Similar content being viewed by others
Avoid common mistakes on your manuscript.
1 Introduction
The over-reliance on a p-value of 0.05 and the prevalence of testing against zero rather than a practically meaningful or important effect size are two long-standing concerns of the statistical community (Wasserstein et al. 2019; Amrhein et al. 2019; Blake et al. 2019). Many prominent statisticians have encouraged researchers to reflect carefully on the form of their tests, and on factors to consider when setting parameters (e.g., Hodges and Lehmann 1954; Cohen 1988). Yet standard tests still dominate the scientific literature. There is thus a place for tools that encourage researchers to think more broadly about their statistical design.
The most common tool used in study design is the sample size calculator, available in numerous web implementations (e.g., Kohn & Senyak 2021) as well as in software repositories and commercial statistical software packages. Sample size calculators usually provide for a variety of study designs, such as continuous or binary outcomes and one group or two. However, typically the default—and sometimes, the only—test options are the t-test with a null value of 0; the default settings for alpha and power levels are the usual suspects; and results may only be provided as numbers. Sample size calculators encourage researchers to think about power and sample sizes, but rarely about other facets of their study design.
Power calculations in statistical packages such as SAS (SAS Institute Inc. 2013) and some specialist calculators such as G*power (Faul et al. 2007) allow tests against values other than zero and can display power vs. sample size graphs at different candidate alpha levels or effect sizes. We propose a visualization tool that extends such calculators to simultaneously consider multiple tests concerning minimum meaningful effect sizes, at multiple test levels.
Visualization has become an important component of statistical software packages, helping researchers understand their data through boxplots, clustering and so forth. One such tool is the funnel plot, developed by Light and Pillemer (1984) to identify publication bias in meta-analyses (Kossmeier et al. 2020a). Funnel plots map trial summary statistics onto a chart in which usually the horizontal axis is the effect size while the vertical axis is a measure of precision, usually the standard error (SE). The inverse relationship of SE to sample sizes suggests that the chart underlying a funnel plot could be used to inform sample size calculations.

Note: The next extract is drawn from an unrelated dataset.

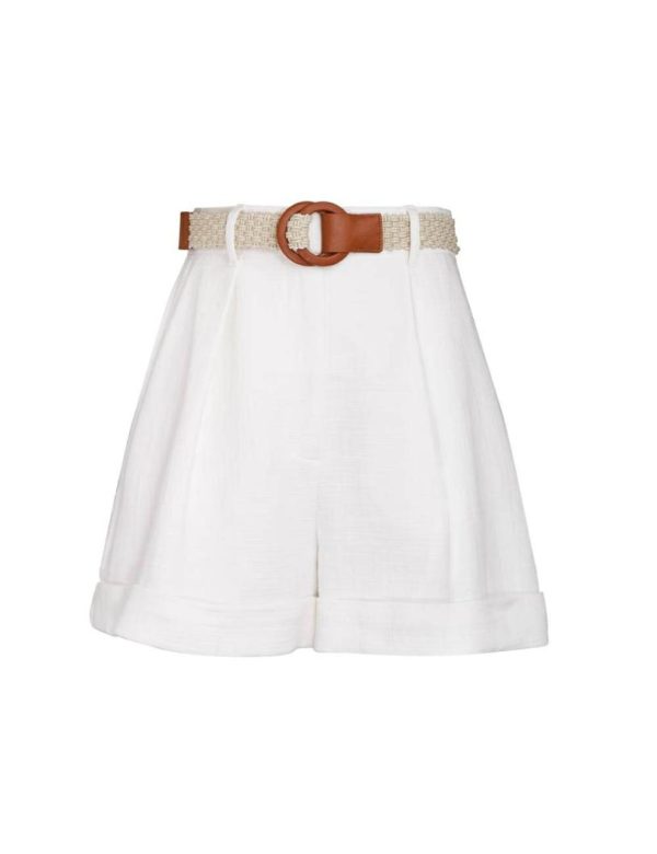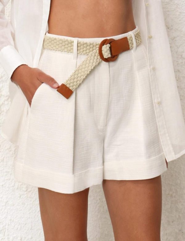 The August Cuffed Short in Ivory from our Resort Swim 2024 Collection. A high waisted short with fixed rolled cuffs and centre front leg tucks.

Funnel plots have been enhanced with shading to identify regions of the chart that correspond to ranges of p-values for a standard test statistic (“contour-enhanced funnel plots”—Peters et al. 2008). Distinguishing regions in this manner aids visual interpretation of the statistical significance of the findings (Sterne et al. 2017). Another recent enhancement is to use color bands to highlight the power of the studies, creating “sunset funnel plots” (Kossmeier et al. 2020b). An enhancement to funnel plots that to our knowledge has not previously been considered is to visually distinguish findings concerning practically meaningful effects from those that are statistically significant but not meaningful.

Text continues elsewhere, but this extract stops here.